Genel

Müslüman psikologların arafı

Psikoloji lisans eğitimimi tamamlarken aklımda bir soru vardı.

Bir soru ama çok büyük bir soru.

Soruya geleceğim, önce sorunun nereden çıktığını anlatayım.

Akademik eğitimde batı dünyasından besleniyoruz çünkü bilgi oradan akıyor.

Bilgiyi yalın olarak alabilsek güzel ama ait olduğu bakış açısıyla bakmadan o bilgiyi kullanamıyoruz.

Örneğin travma.

Travma nedir? Psişeye zarar verebilen ve hayatın normal akışının bozulmasına neden olabilen bir deneyim. Örneğin deprem.

Sosyal medyada inanılmaz bir psikolojik destek seferberliği var. Sevindirici. Yüzlerce psikolog sahaya inecek. Çabalar, insan hayatını normal akış düzenine geri döndürmek için olacak.

Psikologlar aldıkları eğitim gereği, travmatize olmuş insanlarla çalışırken onlara “anormal” bir deneyim yaşadıklarını, ancak geçtiğini söyleyecek.

Korkular üzerine çalışılacak. Normale dönme üzerine yoğunlaşılacak. Hayatın normal akışındaki işlevselliği bozan belirtiler DSM’ye göre değerlendirilip hangi hastalık sınıfına girdiğine bakılacak.

İşte burada sorun belirmeye başlıyor.

Normal tanımlarında.

Normal, sık görülendir. Daha çok var olandır.

Normal, mucize olmayandır.

Yani bu dünyanın böyle sarsıntısız olması normaldir. Ayağımızın altındaki yeryüzü zaten sabittir. Bu yüzbinlerce yıldır böyledir. Sallanması olağandışı bir durumdur. Anormaldir.

Kur’an’a göre ise yeryüzünün bize böyle güvenli bir döşek yapılması normal değildir, çok ilginçtir çok hayret vericidir. İnsanın bu hale bakıp bakıp düşünmesi istenir. Bunun normal olmadığının farkında olması beklenir.

Kuran’a göre, Allah’ın bize verdiği hiç bir nimet, olağan değildir. Zaten var olan değildir. Zaten var olacak olan değildir. Hepsi O’nun vermesiyledir. Lutfuyladır, rahmetiyledir. O vermediğinde, varlığı söz konusu dahi olamaz. Yani normal değildir.

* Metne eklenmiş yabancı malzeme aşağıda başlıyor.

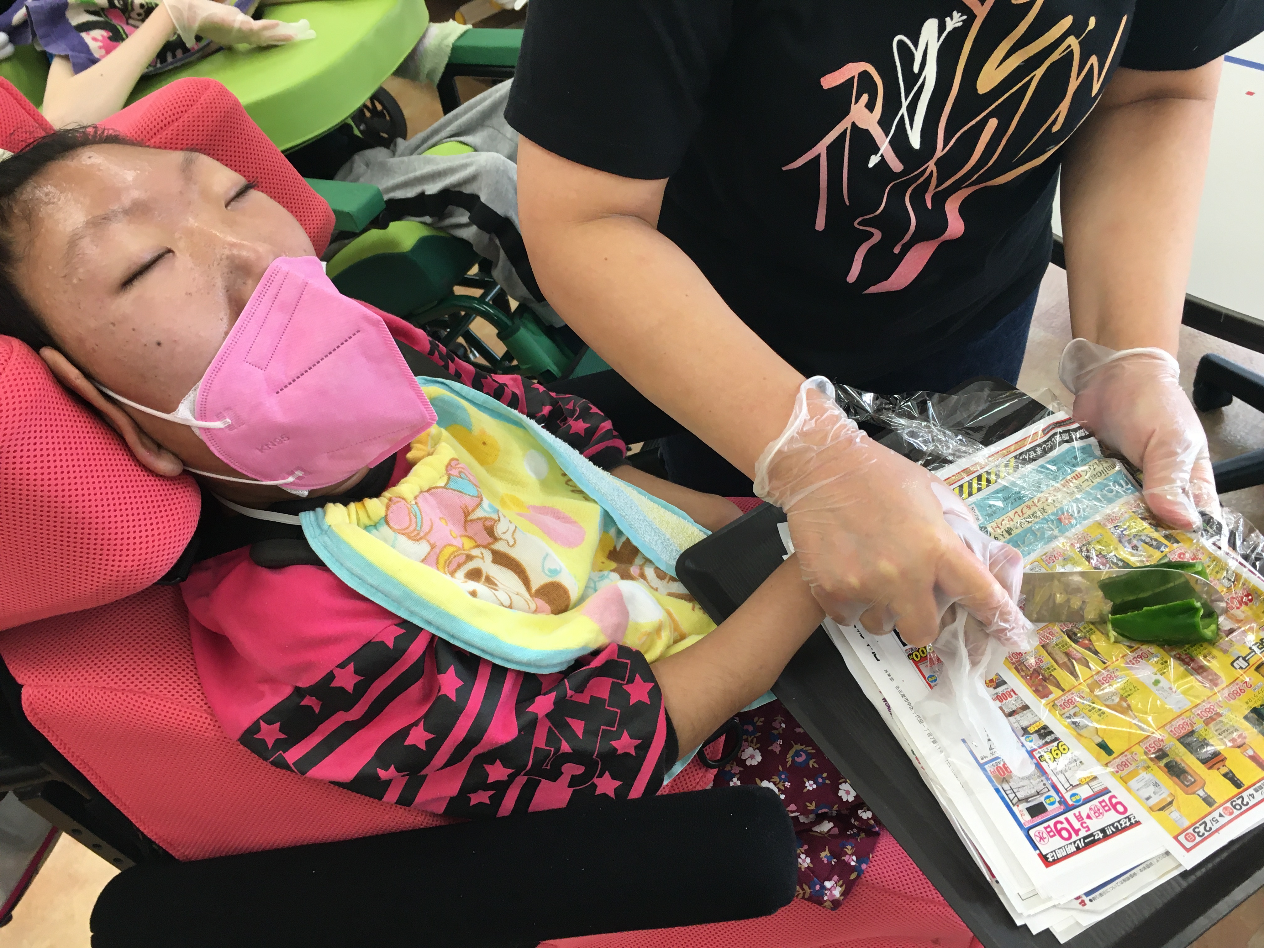 たくさんのピーマンとなすをフレンズに、大きめサイズに切ってもらいました☆

Depremler ve her türlü afet aslında dünyamızdaki normal kavramını Kuran’ın dediği noktaya çeker. Normal olan, herşeyin zaten var olduğu ve olacağı değildir. Normal olan, insanın bir kaç saniyede sahip olduğu herşeyi ve dahi kendi canını yitirebilmesidir. Bu gayet olabilir birşeydir ve aynı anda binlerce insanın başına gelebilir. İnsan sadece bunu sürekli ve sık sık yaşamadığı için normal olduğunu anlamaz. Sık sık yaşamamak, normalliğin değil rahmaniyetin ve rahimiyetin varlığındandır.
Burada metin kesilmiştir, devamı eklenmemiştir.